Key Takeaways
- Coinspect, a blockchain security company, has identified a critical weakness named “Ill Bloom” that compromises cryptocurrency wallets on Bitcoin, Ethereum, Polygon, Tron, Solana, and additional networks
- This security issue originates from inadequate random number generation processes when creating wallet recovery phrases in specific mobile wallet applications
- Thieves have successfully stolen a minimum of $5 million starting May 27, including one coordinated assault that emptied 431 wallets totaling $3.1 million
- The vulnerability extends to wallets created as early as 2018
- A complimentary checking tool has been made available by Coinspect for users to verify their wallet’s vulnerability status
Coinspect, a prominent blockchain security company, has made public a significant security weakness dubbed “Ill Bloom,” which has exposed thousands of cryptocurrency wallets to potential theft.
The security gap stems from insufficient randomness during the generation of recovery phrases in certain software wallet applications. When wallet software employs weak random number generation algorithms during the wallet creation process, it creates predictable seed phrases that become vulnerable to exploitation by malicious actors.
Affected networks span multiple blockchains including Bitcoin, Ethereum, Polygon, Rootstock, Tron, and Solana.
This security flaw has existed since 2018 at minimum. According to Coinspect’s findings, vulnerable wallets continued to be generated through recent weeks, placing even recently onboarded users in potential danger.
Timeline of the Exploit Attacks
Cybercriminals executed a major assault on May 27, targeting 431 out of 2,114 identified compromised wallets and making off with $3.1 million worth of digital assets.
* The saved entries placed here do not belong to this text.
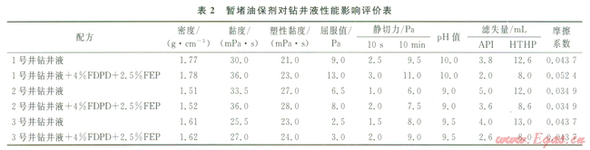 為考察暫堵油保劑加入后鉆井液性能的變化,采用了該地區(qū)現(xiàn)場(chǎng)鉆井液加入4%FDPD多級(jí)架橋暫堵粒子和2.5%FEP可變形軟化粒子前后的流變性能對(duì)比實(shí)驗(yàn)(表2)。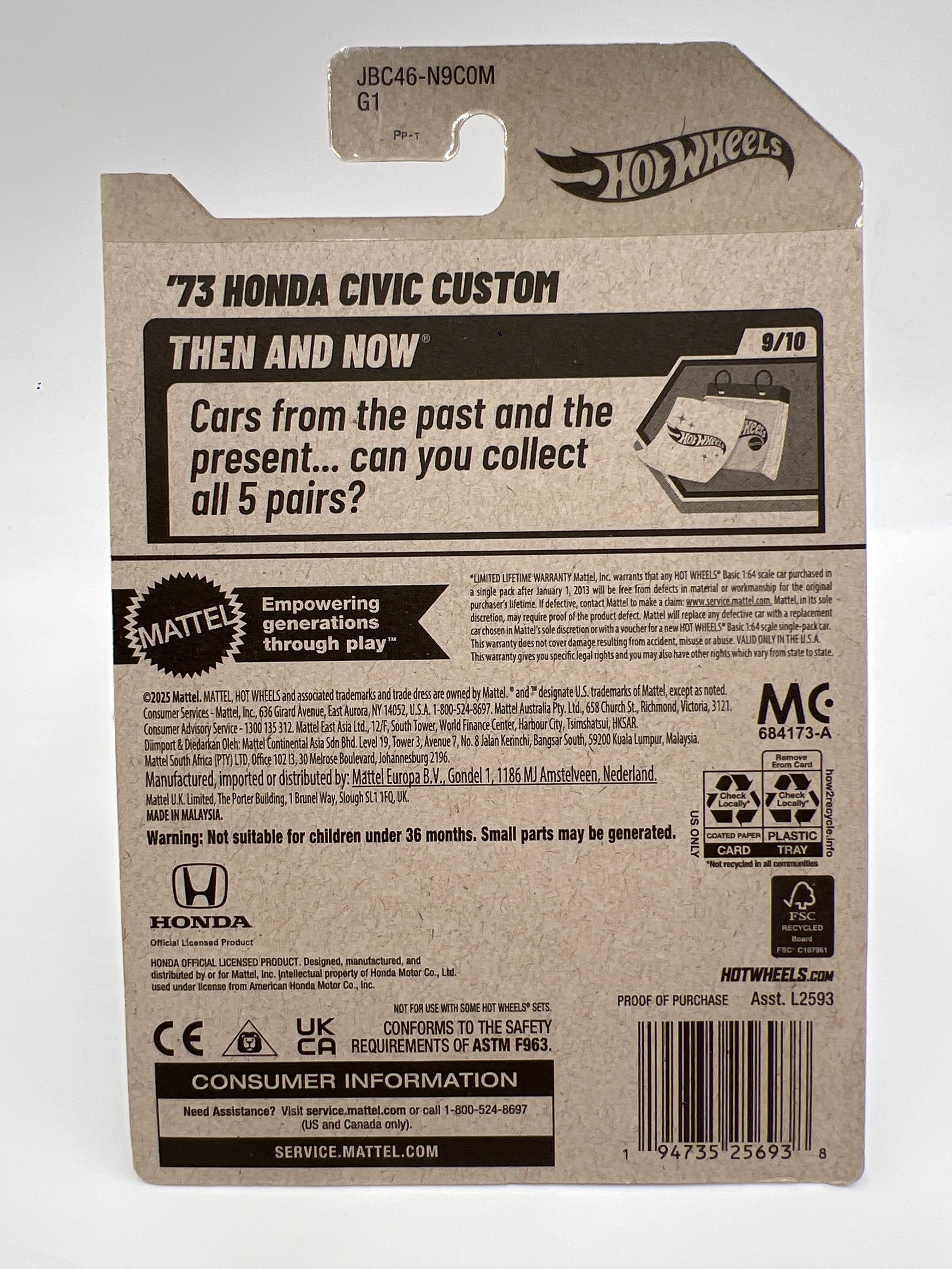 2025 Hot Wheels Super Treasure Hunt #231 73 Honda Civic Custom Red W/Protector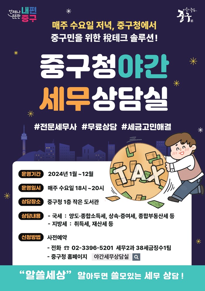 [시민일보 = 여영준 기자] 중구(구청장 김길성)는 ‘야간 세무상담실’을 운영하고 있다고 밝혔다.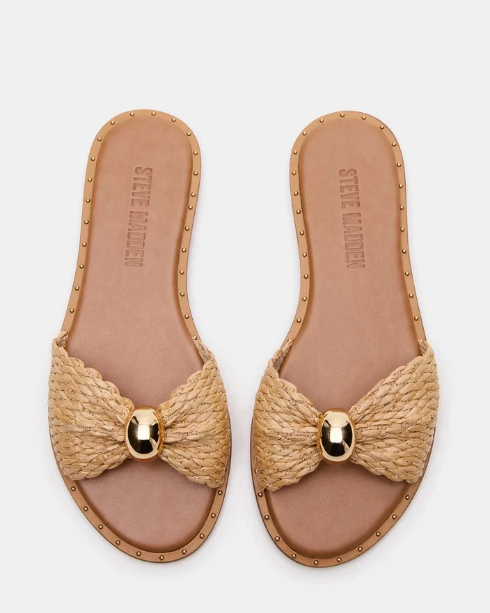 This Dipsy Slide Sandal Features Mini Studs and a Rounded Toe for Added Style and Comfort. The Perfect Combination of Fashion and Practicality, These Sandals Are a Must-Have for Any Wardrobe. With Their Natural Raffia Design, They Add a Touch of Rustic Charm to Any Outfit.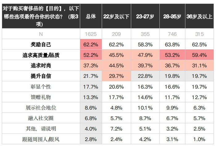 总体来讲: 悦己、追求品质生活和追逐时尚,是用户购买奢侈品的三大原因。受访用户所处年龄段不同,消费核心驱动力略有偏差: 22岁及以下用户购买奢侈品时更注重追求时尚、提升自信,而36岁及以上用户则更注重追求品质。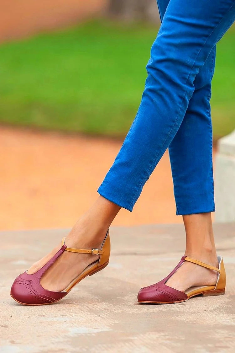 Farbblock-Burgunder-Flats mit runder Zehenpartie und T-Riemenverschluss [Vorbestellung]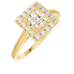 « L'ATELIER » NO. 211449Ring Yellow gold 18 carats - Cluster of natural diamonds Princess equivalent 0.5 - Halo Diamond white 4.6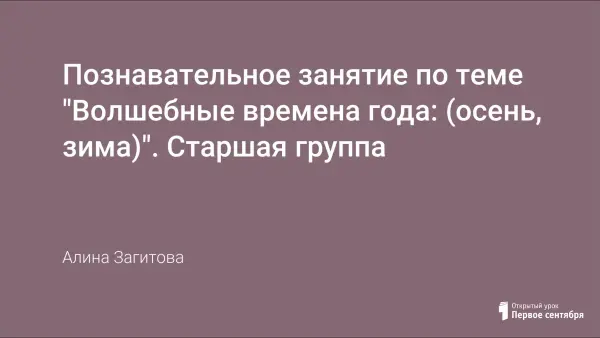 На занятии экологической направленности дети старшей группы уточняют и расширяют свои представления о характерных признаках сезонных явлений, о поведении зверей и птиц, о деятельности человека в осенний и зимний период.

Another wave of thefts occurred over the weekend, draining approximately $2 million from vulnerable addresses. Current confirmed losses total at least $5 million, though Coinspect indicates actual losses may be substantially higher when accounting for all affected blockchain networks.
To prevent further exploitation, Coinspect has deliberately withheld complete technical documentation of the vulnerability.
According to the security firm, hardware wallet owners remain unaffected by this issue. Major established software wallet providers are also considered safe. The primary risk group consists of individuals who created their seed phrases using obscure or lesser-known mobile wallet software.
Historical Precedents of Seed Generation Weaknesses
The cryptocurrency industry has encountered similar seed generation vulnerabilities before.
During 2023, security researchers at Ledger discovered that Trust Wallet’s browser-based extension produced seeds with insufficient randomness. This flaw reduced potential phrase combinations to approximately four billion possibilities, making them vulnerable to brute-force attacks using standard GPU hardware within 24 hours. Trust Wallet remediated the vulnerability before any user funds were compromised.
In another 2023 incident, a weakness in the Libbitcoin Explorer wallet software resulted in $900,000 being stolen through systematic private key guessing attacks.
Unlike previous incidents, Coinspect emphasizes that the Ill Bloom vulnerability isn’t isolated to a single wallet provider, which complicates mitigation efforts.
SlowMist, a blockchain security monitoring service, has verified it is actively monitoring the developing situation. Coinspect is advocating for wallet developers to incorporate weak mnemonic detection capabilities directly into their applications.
Concerned users can access Coinspect’s dedicated verification tool to determine whether their wallet addresses are at risk. Any unauthorized fund movements from affected wallets may indicate exploitation through this vulnerability.